If it is a free holiday, great...but I would seriously reconsider going to Orlando. It is not the American experience at all. Indeed much of International Drive is so catering to Brit and South American tourists, you will see just as many people wearing football shirts as you would back in Blighty! Disney may be great for the kids but once they see through the facade, they cannot suspend their disbelief any longer...

Not meaning to sound a downer but there are many better places in the USA to go too that will cost less, give you guys a chance to experience America and truly be a trip of a lifetime for a lot cheaper than Orlando.
		
Click to expand...

Wow, did the Orlando tourist board let you go recently? 

The roads are not that bad, especially compared to the gridlock you get in most UK cities nowadays. I was there for 2 weeks and I never once thought the traffic was as bad as it is driving into Birmingham every day. 

As for the American experience then you could argue that is exactly what Disney and the rest of the parks are. The Americans do that kind of thing so well and kids absolutely love it. And it is exactly as you imagine it will be.  The look on my daughters face when she saw the magic Kingdom was priceless.  Same with Vegas, yes it is all fake but it's bloody good fun. I totally agree there are also many other fabulous places in the US to visit that are less corporate and manufactured. But I can't imagine kids of 2 and 6 will want to do anything else in the US.


----------



## Khamelion (Feb 22, 2016)

Agree with the above, the USA has so much to offer, Mount Rushmore, Hoover Dam, Grand Canyon, Yellowstone, t name the obvious few, but two kids of 2 and 6, unless they are deeply into natural wonders and engineering are not going to see the fun side of those things. Show them a 6 foot rat dressed in a tails and another in a polka dot dress, or Cinderella and their faces will light up and as a parent that's all you want to see.


----------



## Val (Feb 22, 2016)

craigstardis1976 said:



			La_Lucha:

Not meaning to be disrespectful but your stereotyping of how things are in the USA may cause you some surprise when you get over here. I have lived in the USA since 2001. If you have not driven in the USA before getting the largest vehicle you can find (because you think it is part of the American experience) may not be the best thing. Firstly the roads in Orlando are pretty much full 24/7, secondly a bigger vehicle does not especially equal safer...do you know how to secure the car seats for the kids so they meet state law...do you understand the traffic laws in Florida, a state that has lower speed limits than a lot of the USA? 

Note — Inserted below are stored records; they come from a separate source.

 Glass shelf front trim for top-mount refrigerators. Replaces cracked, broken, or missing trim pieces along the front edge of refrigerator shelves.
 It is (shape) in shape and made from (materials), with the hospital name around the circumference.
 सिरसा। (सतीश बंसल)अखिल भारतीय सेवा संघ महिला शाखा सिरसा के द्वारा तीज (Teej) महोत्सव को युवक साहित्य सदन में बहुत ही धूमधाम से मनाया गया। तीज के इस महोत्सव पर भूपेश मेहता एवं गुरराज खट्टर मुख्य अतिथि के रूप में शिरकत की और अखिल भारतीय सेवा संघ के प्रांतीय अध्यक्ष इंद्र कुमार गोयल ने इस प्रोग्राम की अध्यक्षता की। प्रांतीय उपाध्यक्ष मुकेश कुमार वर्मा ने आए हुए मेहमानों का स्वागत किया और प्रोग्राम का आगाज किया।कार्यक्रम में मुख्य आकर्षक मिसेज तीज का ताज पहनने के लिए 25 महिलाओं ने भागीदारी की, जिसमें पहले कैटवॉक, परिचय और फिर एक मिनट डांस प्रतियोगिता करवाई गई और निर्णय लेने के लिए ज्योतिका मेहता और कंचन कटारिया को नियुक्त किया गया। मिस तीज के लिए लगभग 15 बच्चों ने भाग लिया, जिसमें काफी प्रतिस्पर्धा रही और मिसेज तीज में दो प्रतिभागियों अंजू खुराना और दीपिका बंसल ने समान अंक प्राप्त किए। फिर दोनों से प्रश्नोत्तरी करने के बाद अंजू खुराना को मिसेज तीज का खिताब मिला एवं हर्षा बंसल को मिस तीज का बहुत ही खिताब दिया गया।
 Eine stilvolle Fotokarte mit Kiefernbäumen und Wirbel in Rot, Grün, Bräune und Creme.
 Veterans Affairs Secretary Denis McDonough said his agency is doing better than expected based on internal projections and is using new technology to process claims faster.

If it is a free holiday, great...but I would seriously reconsider going to Orlando. It is not the American experience at all. Indeed much of International Drive is so catering to Brit and South American tourists, you will see just as many people wearing football shirts as you would back in Blighty! Disney may be great for the kids but once they see through the facade, they cannot suspend their disbelief any longer...

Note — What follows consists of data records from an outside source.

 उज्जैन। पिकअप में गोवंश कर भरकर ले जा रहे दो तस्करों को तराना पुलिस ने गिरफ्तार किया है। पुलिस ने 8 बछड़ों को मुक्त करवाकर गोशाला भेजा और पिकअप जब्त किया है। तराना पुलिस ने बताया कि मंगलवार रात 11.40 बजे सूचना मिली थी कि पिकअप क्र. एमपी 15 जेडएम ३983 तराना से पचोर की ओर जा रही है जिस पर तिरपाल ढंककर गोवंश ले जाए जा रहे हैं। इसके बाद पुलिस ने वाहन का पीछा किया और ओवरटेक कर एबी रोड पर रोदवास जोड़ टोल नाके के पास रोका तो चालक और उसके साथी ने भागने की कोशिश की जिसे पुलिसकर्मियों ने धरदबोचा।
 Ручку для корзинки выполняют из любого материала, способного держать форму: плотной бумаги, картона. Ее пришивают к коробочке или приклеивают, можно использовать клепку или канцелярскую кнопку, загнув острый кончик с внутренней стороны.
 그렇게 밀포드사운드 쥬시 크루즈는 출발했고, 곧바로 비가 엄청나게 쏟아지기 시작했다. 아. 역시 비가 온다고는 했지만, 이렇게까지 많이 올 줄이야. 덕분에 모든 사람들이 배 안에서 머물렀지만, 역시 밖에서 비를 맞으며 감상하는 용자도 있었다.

Not meaning to sound a downer but there are many better places in the USA to go too that will cost less, give you guys a chance to experience America and truly be a trip of a lifetime for a lot cheaper than Orlando.
		
Click to expand...

When you are 2 and 6 years old do you really care about any of the following?

Empire State Building
Liberty Bell
Golden Gate Bridge
Mount Rushmore
Grand Canyon
The Vegas Strip
The Whitehouse
Marthas Vineyard
Memphis

etc etc etc.

America has tonnes to offer and see but when you are a todller life tends to revolve around kids tv and toys, Disney is like heaven.


----------



## Hacker Khan (Feb 22, 2016)

Val said:



			When you are 2 and 6 years old do you really care about any of the following?

Empire State Building
Liberty Bell
Golden Gate Bridge
Mount Rushmore
Grand Canyon
The Vegas Strip
The Whitehouse
Marthas Vineyard
Memphis

etc etc etc.

America has tonnes to offer and see but when you are a todller life tends to revolve around kids tv and toys, Disney is like heaven.
		
Click to expand...

Bit of an assumption there.  My 5 year old loved the strip in Vegas. One evening she gambled away all her child trust fund at The Venetian on the craps tables.  Yes it mean that she won't be getting a penny now when she's 18, but on the other hand she did get comped a few Fruit Shoots in the casino.  So everyone's a winner.


----------



## Hacker Khan (Feb 22, 2016)

Khamelion said:



			Agree with the above, the USA has so much to offer, Mount Rushmore, Hoover Dam, Grand Canyon, *Yellowstone*, t name the obvious few, but two kids of 2 and 6, unless they are deeply into natural wonders and engineering *are not going to see the fun side of those things.* Show them a 6 foot rat dressed in a tails and another in a polka dot dress, or Cinderella and their faces will light up and as a parent that's all you want to see.
		
Click to expand...

They will if they see Yogi Bear and Boo Boo.


----------



## palindromicbob (Feb 22, 2016)

The only thing I can say about cars is refuse to take a Dodge Dart.  Horrible car.  

Was over on family holiday last year (8 adults and no kids) and we had booked larger family cars only to find they didn't have them as returns had been delayed due to some really bad thunder storms meaning people weren't getting the cars returned in time to have them turned around.  We had to take the smaller cars and the best of a limited bunch was the aforementioned dodge.  Was a real struggle getting all the luggage in them.  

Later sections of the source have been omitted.